Written and Photographed by Randy Johnson, Habitat program manager, Jamestown S’Klallam Tribe
Aerial Photographs provided by John Gussman
Since the first of February 2015, four floods have rumbled down the Dungeness River. The first one damaged the old creosoted RR trestle and closed the Olympic Discovery Trail (ODT). The three floods in the past six weeks have occurred while we've been building the new pedestrian bridge that will replace the trestle. During the floods, the river has migrated 230 feet west. Had the trestle not been removed, at least 15 pile bents - 75 creosoted piling, creosoted timbers, and bridge decking - would have been knocked down and strewn all the way from the Dungeness River RR Park to Dungeness Bay.

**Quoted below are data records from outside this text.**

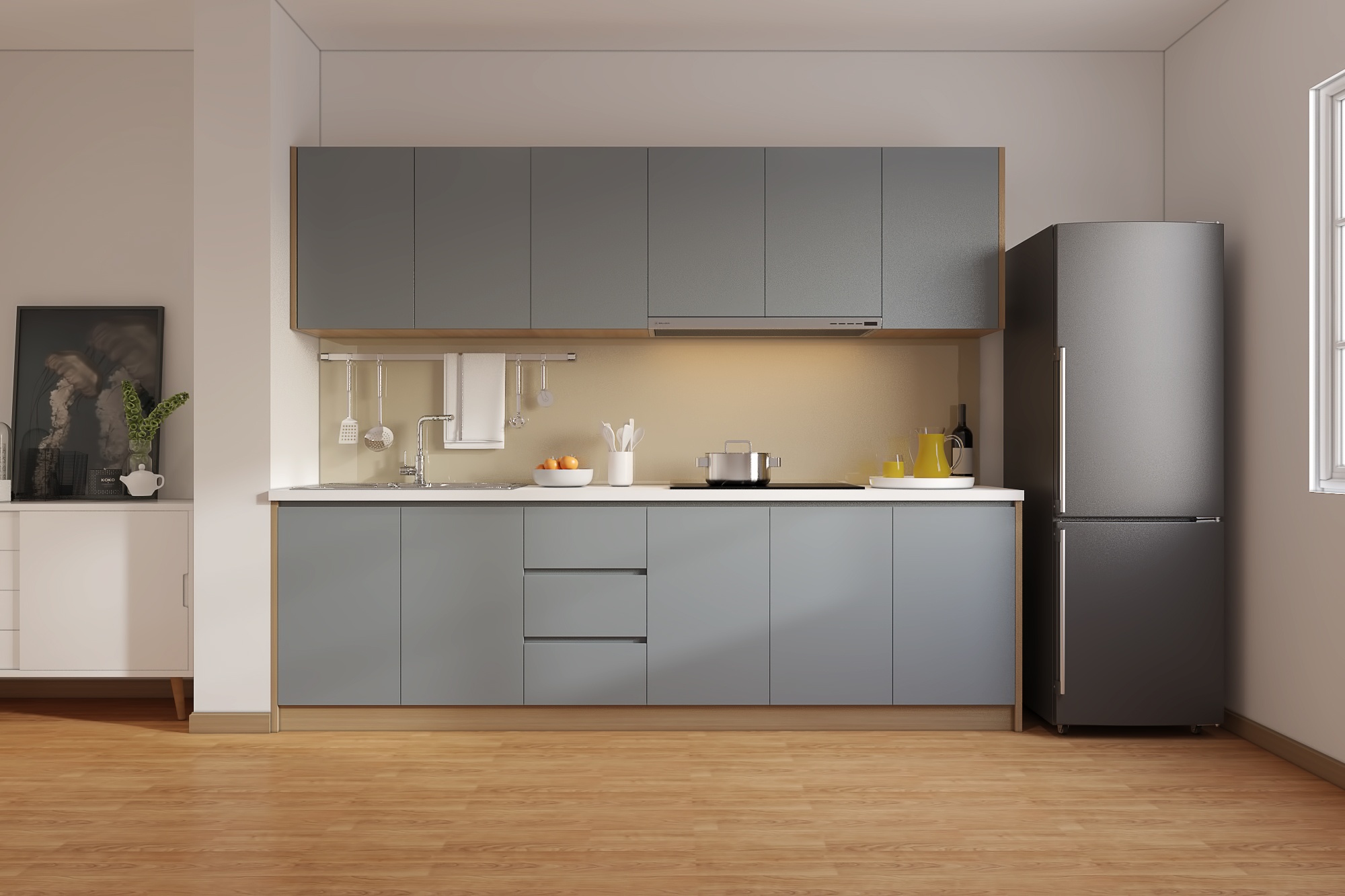 + Phụ kiện miễn phí đi kèm tủ bếp: bản lề giảm chấn, ray bi trượt 3 tầng, tay nắm, pít tông hơi…
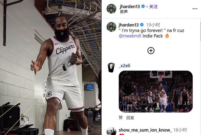 哈登在社媒发布加练视频,并配文到:“我想永远走下去!”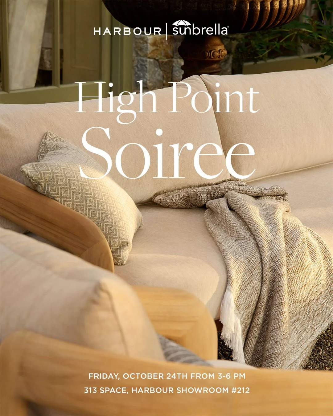 Join us for a special event on Friday, October 24th at the 313 Space in partnership with Sunbrella during High Point Market. Guests will enjoy curated drinks and seasonal bites while previewing Harbour’s latest collections and discovering our new signature textiles, created exclusively with Sunbrella. The evening will feature interactive experiences designed to immerse you in the artistry of our materials and the innovation of our craft - a celebration of design, community, and inspiration not to be missed.

It was a given that the Tribe would replace the trestle's functions for users of the Olympic Discovery Trail. 10 Months and 2 days later, the entire 585' of trestle and its dripping creosote are gone from the floodplain forever and 720 feet of salmon friendly and river worthy pedestrian bridge is connected to the ODT. All 750 feet of new bridge are now in place, and just a few relatively minor tasks remain. The construction access road is being removed, and by the end of today both floodplain channels will be flowing free again. You can look forward to the ODT being reopened soon.
Floodplains by Design funding was a perfect fit for this project because of the program’s focus on reconnecting rivers to their floodplains for fish and flood risk reduction, and the additional community benefit of recreational access.
Thank you everyone for your role in making this bold vision a reality.